Climbing Eldorado Canyon, in the snow

February 10, 2008 at 8:55 pm

Saturday was a beautiful day in Northern Colorado. Temperatures topped out at nearly 55F (~13C) in the Fort, and the sun felt great. On Sunday morning, my parents left Colorado, and Kevin headed back to Denver. Mark and I got up early, packed our bags and then drove down to Eldorado Canyon for a day of trad climbing – just the two of us. There are a few pictures from the day in the gallery.

We realized at some point in the last few days that Mark and I had not climbed together, as a pair of partners, with nobody else around, for several months. We thought that it would be nice to get back out on the rock for a quiet day of adventure. When we left Fort Collins on Sunday morning the Front Range was covered in a thick lenticular cloud, but we could see sun over the mountains. As we pulled in to Eldorado Canyon, it seemed the cloud had been pushed higher over the mountain. The canyon was dark, cold and covered in snow. Mark declared that he had not driven an hour and half and paid $6 to not climb, so we bundled up and headed to the Whale’s Tail.
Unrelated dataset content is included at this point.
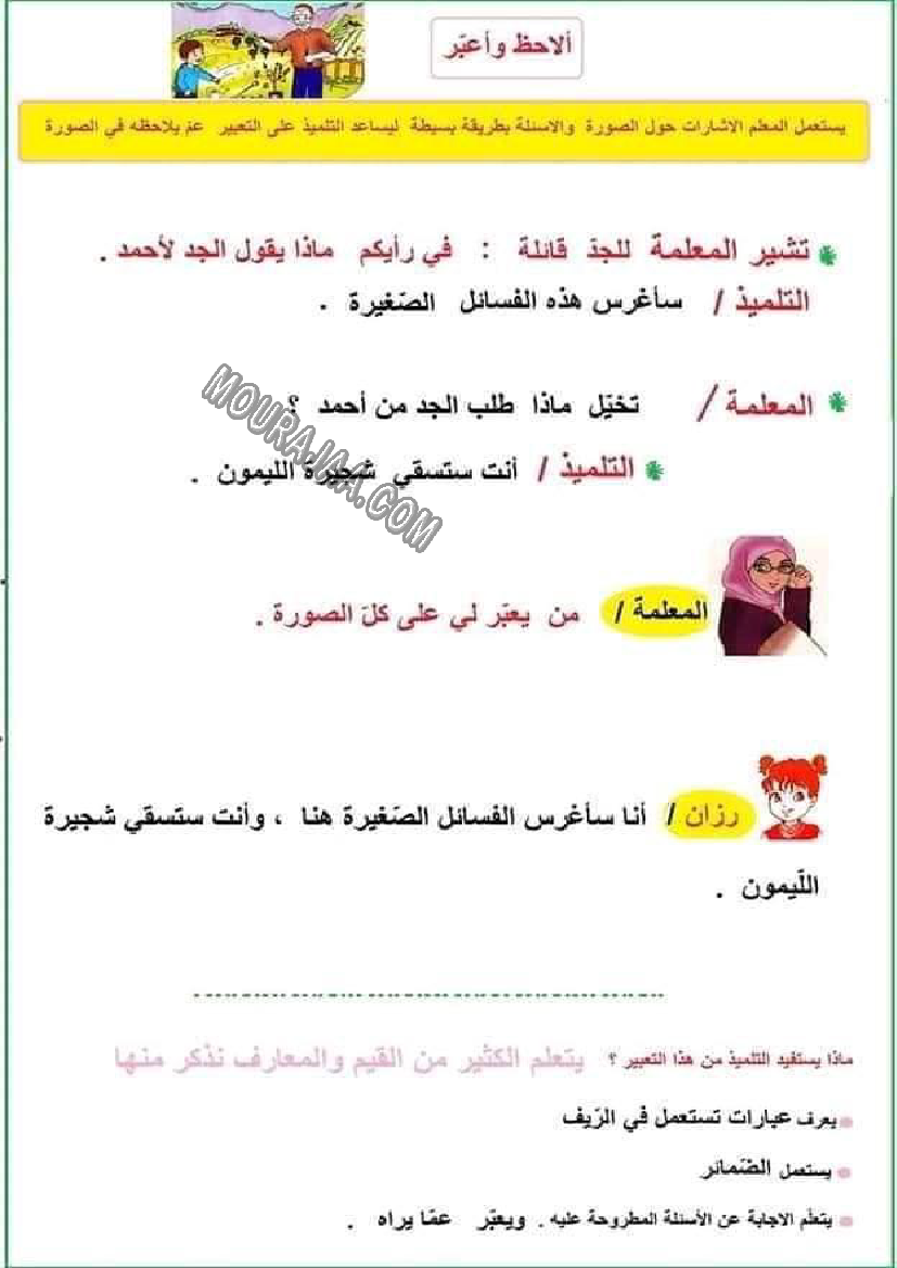 درس تعبير شفوي سنة اولى سنة أولى ابتدائي ابتدائي pdf

We roped up for the creepy traverse across to the ledge at the bottom of the formation, but I’m not sure that the route we took across in the morning really warranted it. As Mark was racking up for the first climb, the clouds receded, the sun began creeping down the canyon towards us. By the time he was off the ground the rock was warm and sun-lit, and the weather was officially beautiful. It was quiet in the canyon, too. We could see and hear only one other distant pair of climbers for most of our day there, which is wonderful in a place which is normally so busy that rap lines land on leaders and rocks fall on crowds below almost every weekend.
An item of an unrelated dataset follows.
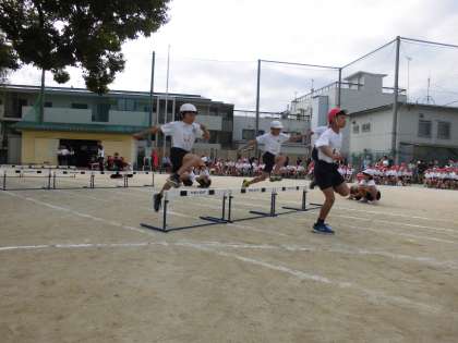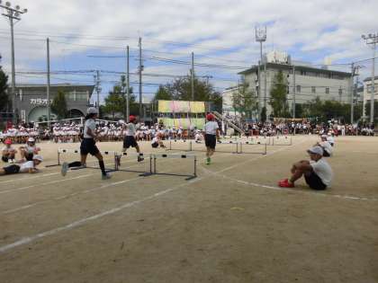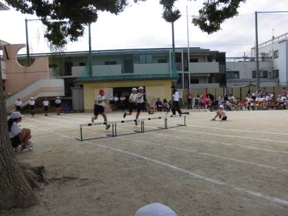 5年生は,昨年の経験を生かし,スピードに乗ったままハードルを跳びこしていきました。途中でハードルに引っかかり転倒する場面もありましたが,最後まであきらめずに懸命に走る姿がよかったです。

(1) West Crack (5.2 or 5.4) – The first climb of the morning was a great one. This crack was long, exposed, took great pro and was an all around aesthetic climb. Mark and I both had huge smiles on our faces when we came down from this one. It felt simply like the reason trad climbing had been invented. Note, though, the route took most of our 60m rope. If you have less than a 58m rope, I don’t think you’ll reach the ground from the rap anchor.

Mark Ties His Knot

(2) West Dihedral (5.2 or 5.4) – Mark and I spent some time discussing how best to climb this route and then set a TR on the middle slab and then clean that TR anchor and come off the rock from the rap anchor above. Once Mark had led the dihedral, he ended up building an anchor up and left of the overhanging crux, and worked out great for the slab. He ran up the dihedral, placing only 4 pieces of pro before the anchor, and I had no problem with it either.

(3) West Face (5.6 X) – This slab climb was long and fun. It had a few thin parts, but Mark climbed it in his old rental shoes with no problem. I think it’s worth doing on TR if you’re in the area, not worth risking your life over as a lead or free-solo. But that’s just MHO. After Mark climbed it, he climbed above our anchor back to the rappel anchor on top of the rock, and then set up the rappel. He cleaned the anchor for the slab on rappel, on his way down, which involved a bit of aerial ballet but nothing too crazy.

As we pulled the rope from this last climb, another couple climbed over to our ledge, and the sun began to touch the edge of the canyon on the far side. We packed up our gear, and Mark lead back across the ledge to our stuff in the gulley next to us. This time, he took “the low road” which ended up having a very exposed technical downclimb move that Mark protected well. It was an exciting way to finish the day, and made me feel like we had just gotten in another whole pitch of climbing. By this time, the canyon was starting to feel crowded again, and we met a guided group of about 6 climbers looking to get on our climbs as we packed up in the last of the sunshine. We chatted with the other climbers and then hiked out in the new shade of the sunset, which ended up being around 3p. The days are short in a steep canyon like Eldo, but I think we managed to squeeze a perfect climbing day out of this one. Mark and I got to be alone together in the sun, in a dramatic and beautiful place, doing what we loved.